Returning to the question posed to them by The Millennium Group in assigning them to the case and in light of the killer’s image appearing in the painting on which the note was posted, Frank re-interprets the quandary as questioning if Kiley was from heaven or from hell, leaving us to wonder yet more deeply as to his true nature.

4 Responses to "What the Killer Sees: Steven Kiley"

Anonymous said... November 26, 2010 at 6:39 PM

This is one of my favorite episodes of the show. Ive seen it several times and I admire the intelligence of the underlying messages and meaning behind it.

I am a professional film maker and I showed this episode as an example to my peers for a few years ago...

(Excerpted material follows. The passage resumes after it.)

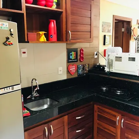 Melhore a sua estadia com a cozinha equipada de apartamento Paraíso em Flecheiras, equipada com máquina de café/chá, refrigerador e utensílios de cozinha para seu conforto.

Herr Doktor Schlossburg said... November 27, 2010 at 12:53 AM

Smallwood's performance was among the show's best! That scene in which he gives advice over the phone is amazing: there is a constant ambiguity as to whether he genuinely wants to help people in pain or if he simply gets off on their suffering.

And the opening teaser could have been straight out of a David Lynch film!

Adam Chamberlain said... November 27, 2010 at 7:46 AM

It's a very good episode - better than I remembered it from my previous viewings when it came to revisiting it for the column. There are some big issues at the heart of the episode, and it's worth noting too that I think I'm right in saying that this episode pre-dated public awareness of either Shipman or Kevorkian, so it certainly wasn't borrowing from these real-life cases.

Adam Chamberlain said... November 28, 2010 at 3:33 AM

Tucker Smallwood's performance is indeed excellent and you're right, Herr Doktor, he walks that fine line of ambiguity extremely well!